> Description of the task:
Across the entries that follow, tally every line holding the word "projekata" and reply with the count alone.

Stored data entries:

----

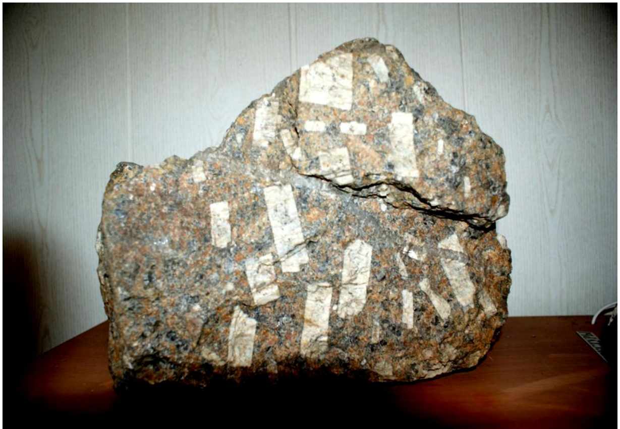
Рис.1.2. Гранит порфировидной структуры: на фоне мелкозернистой основной массы крупные вкрапленники ортоклаза.

распространены во всех горных областях, возраст гранитов от докембрийского до мезозоя. Липариты (риолиты), являющиеся эффузивным (излившимся) аналогом гранитов имеют белесовато - серый, желтоватый или розоватый цвет, массивную, плотную, иногда пористую или флюидальную текстуру и порфировую структуру. На фоне стекла порфировые выделения представлены, в основном кварцем, иногда калишпатом или биотитом. Липариты залегают в виде потоков, куполов, лакколлитов, даек, развиты меньше гранитов.
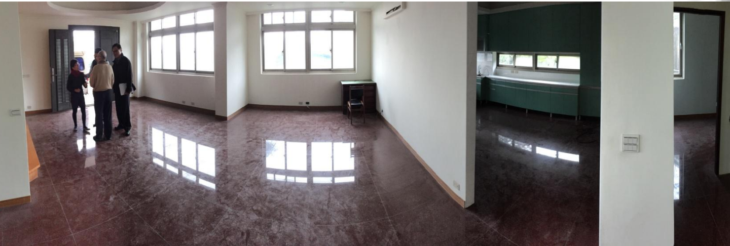
物件照片(一樓、房間、和室、廚房)
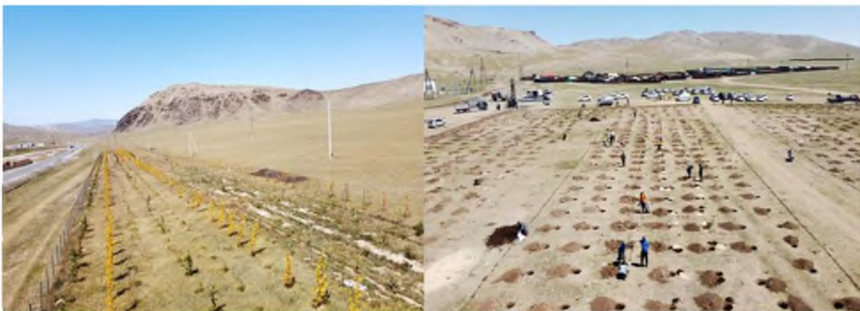
Хужирт сумын Рашаан сувилалын орчим “Жем-Хужирт” ХХК, Хужирт рашаан сувилал ХХК 800 метр ойн зурвас, байгуулсан байдал

Арвайхээр, Хужирт, Хархорин, Бүрд сумдад улсын чанартай авто зам дагуу мод тарих ажлыг эхлүүлж, Арвайхээр суманд А301 авто замын дагуу Хурд колонк, Зэвсэгт хүчний 0256 дугаар ангийн орчим 2.5 км урт, 15 метр өргөнтэй хамгаалалтын хашаа барьж 3400 ширхэг мод, Хужирт сумын Рашаан сувилалын орчим “Жем-Хужирт” ХХК, Хужирт рашаан сувилал ХХК 800 метр ойн зурвас, “ӨВ-А33А” ТӨХКомпани нь Бүрд сумын Шарлинд “Алтан шар зам” хөшөөний дэргэд цэцэрлэгт хүрээлэн байгуулж 1000 ширхэг мод тарьж усалгаанд зориулж сумаас 10,0 сая төгрөгөөр худаг гаргуулсан байна.
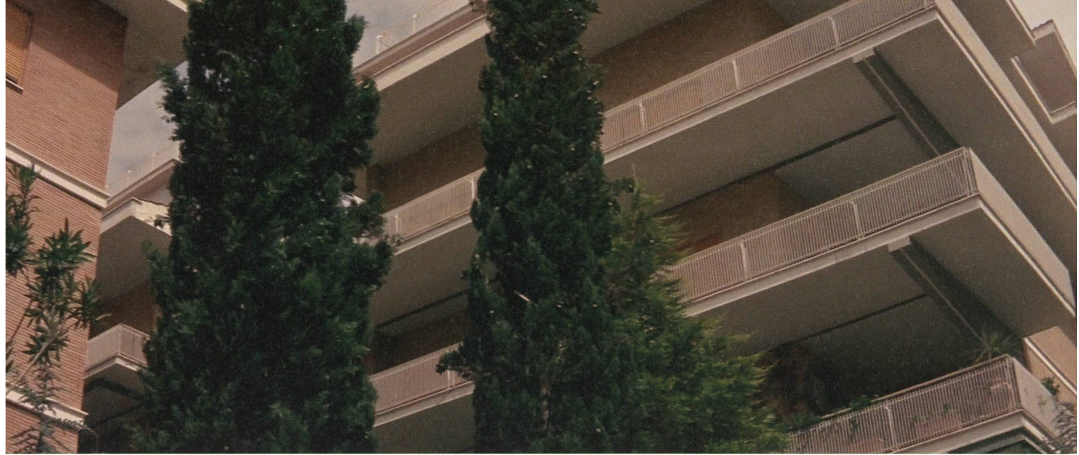
fig. a Der Neubau, in dem Camille und Paul kürzlich ihre Wohnung bezogen haben.
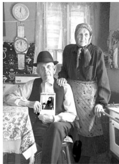
A falu öregei (Erdőcsinád, 2016)

– Amikor meghívunk egy eseményre, vagy magam választom ki, hogy hová megyek, minden alkalommal fel kell készülnöm. Meg kell ismerni az esemény forgatókönyvét, elő
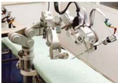
Şəkil 4. Yerləşdirilə bilən robot üç qollar single-site robot sistemi

Bununla birlikdə, sistem hələ də inkişaf etmiş sınaq mərhələsindədir. Eynilə, R-LESS üçün hazırlanmış robot end effektləri (YRUK-a daxil edilə bilən robot son effektləri) üçün platforma Kolumbiya Universiteti tərəfindən tərtib edilmişdir (Şəkil 4). On beş mm kəsiklə qarın içərisinə yerləşdirilə bilən YRUK platformasının fərqləndirici xüsusiyyətləri; İki seqmentə bölünməyən paralel kinematik quruluşda çox yüksək maneə qabiliyyətli qollara malikdir və ümumi çəkisi cəmi 8,2 kq-dır. Hal-hazırda heyvan modelləri üzərində sınaq mərhələsində olan sistem gələcəkdə R-LESS üçün olduqca perspektivli olaraq qalır (12, 13).
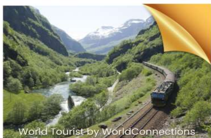
World Tourist by WorldConnections
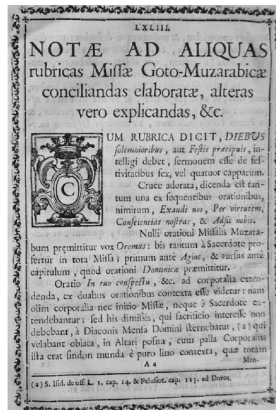
39. RG, p. LXLIII
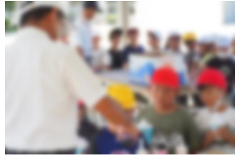
【かき氷のシロップ、何にしようかな】
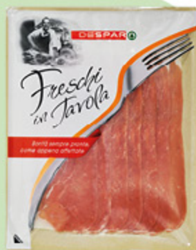
PROSCIUTTO CRUDO AFFETTATO DESPAR 100G
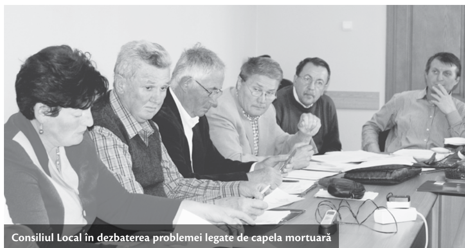
Consiliul Local în dezbateră problemei legate de capela mortuară
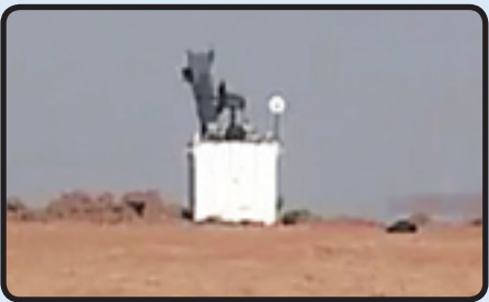
اصابت بسیار دقیق موشک هرمز - ۱ به رادار
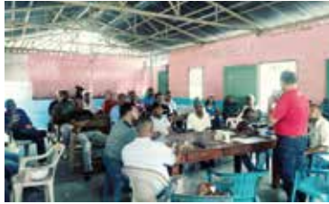
CHARLA DE AMUSSOL TRANSPORTE ESCOLAR DE SAN CRISTOBAL
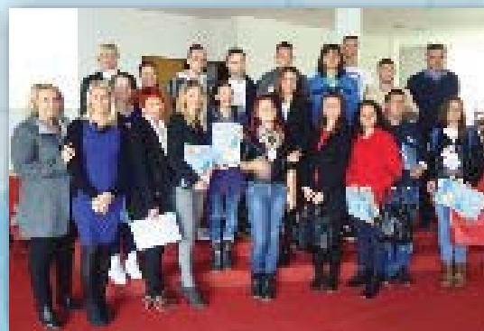
Ceremonija promocije rezultata projekata mladih

Zahvalnice i plakete za doprinos razvoju OB Mrkonjić Grad dodjeljene su načelnici Opštine, predstavnici Opštine za podršku programu OB, te najaktivnijim članovima i članicama Odbora OB Mrkonjić Grad. Ovo je bila prilika da se uruče uvjerenja svim članovima i članicama neformalnih grupa koji su uspješno realizovali projekte i uruče zahvalnice za predstavnike preduzeća, organizacija, institucija i građana koji su finansijski ili kroz materijal i usluge doprinijeli realizaciji projekata neformalnih grupa mladih. Bronzane plakete su dodijeljene svima koji su doprinijeli u iznosu od 100 KM do 500 KM, srebrne plakete svima koji su doprinijeli od 500 KM do 1.000 KM, a zlatne plakete za one koji su doprinijeli sa više od 1.000 KM.

----

> Answer box:
2